_Instructions for the task:_ Omit any picture, and return the remaining data exactly as written.

_Data below:_

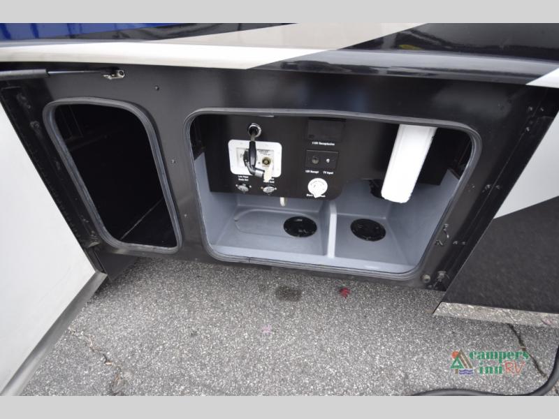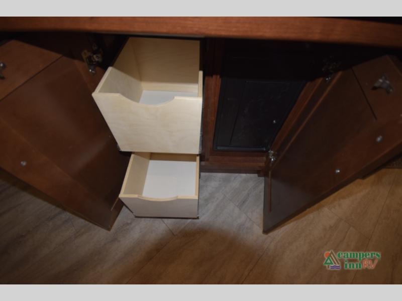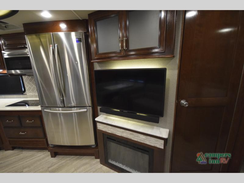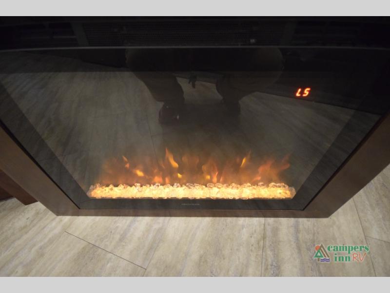 Cook up campsite feasts in a fully equipped kitchen featuring a residential refrigerator, pantry storage, and adjustable shelving that adapts to your needs. After dinner, cozy up by the electric fireplace or take the fun outdoors with the built-in 40" exterior TV — perfect for movie nights under the stars or catching the game at the campground.
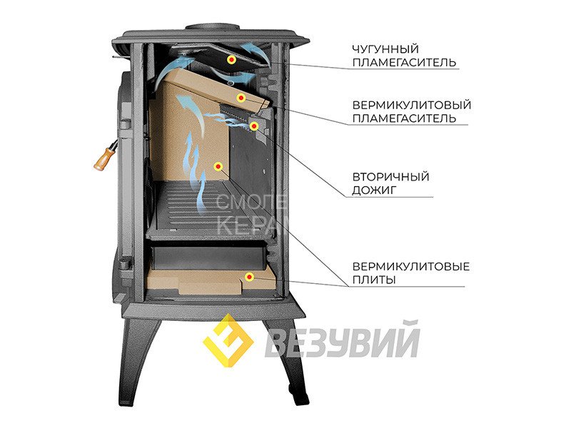 Также в печи предусмотрен не только вермикулитовый, но и чугунный пламегаситель; в паре они обеспечивают более эффективную работу топки, отдавая максимум тепла ее стенкам и предотвращая теплопотери.
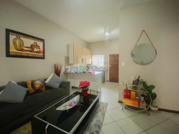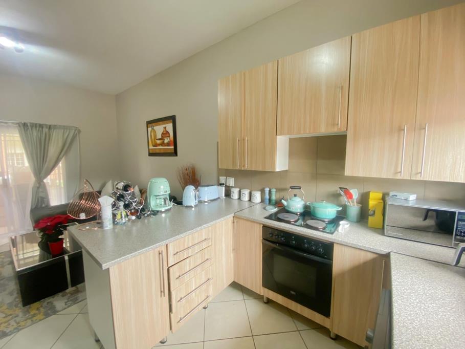 The open-plan kitchen flows seamlessly into the living area, creating a welcoming space ideal for everyday living and entertaining. The kitchen offers sufficient cupboard space and is designed for practical use.

_Task response:_
 Cook up campsite feasts in a fully equipped kitchen featuring a residential refrigerator, pantry storage, and adjustable shelving that adapts to your needs. After dinner, cozy up by the electric fireplace or take the fun outdoors with the built-in 40" exterior TV — perfect for movie nights under the stars or catching the game at the campground.
 Также в печи предусмотрен не только вермикулитовый, но и чугунный пламегаситель; в паре они обеспечивают более эффективную работу топки, отдавая максимум тепла ее стенкам и предотвращая теплопотери.
 The open-plan kitchen flows seamlessly into the living area, creating a welcoming space ideal for everyday living and entertaining. The kitchen offers sufficient cupboard space and is designed for practical use.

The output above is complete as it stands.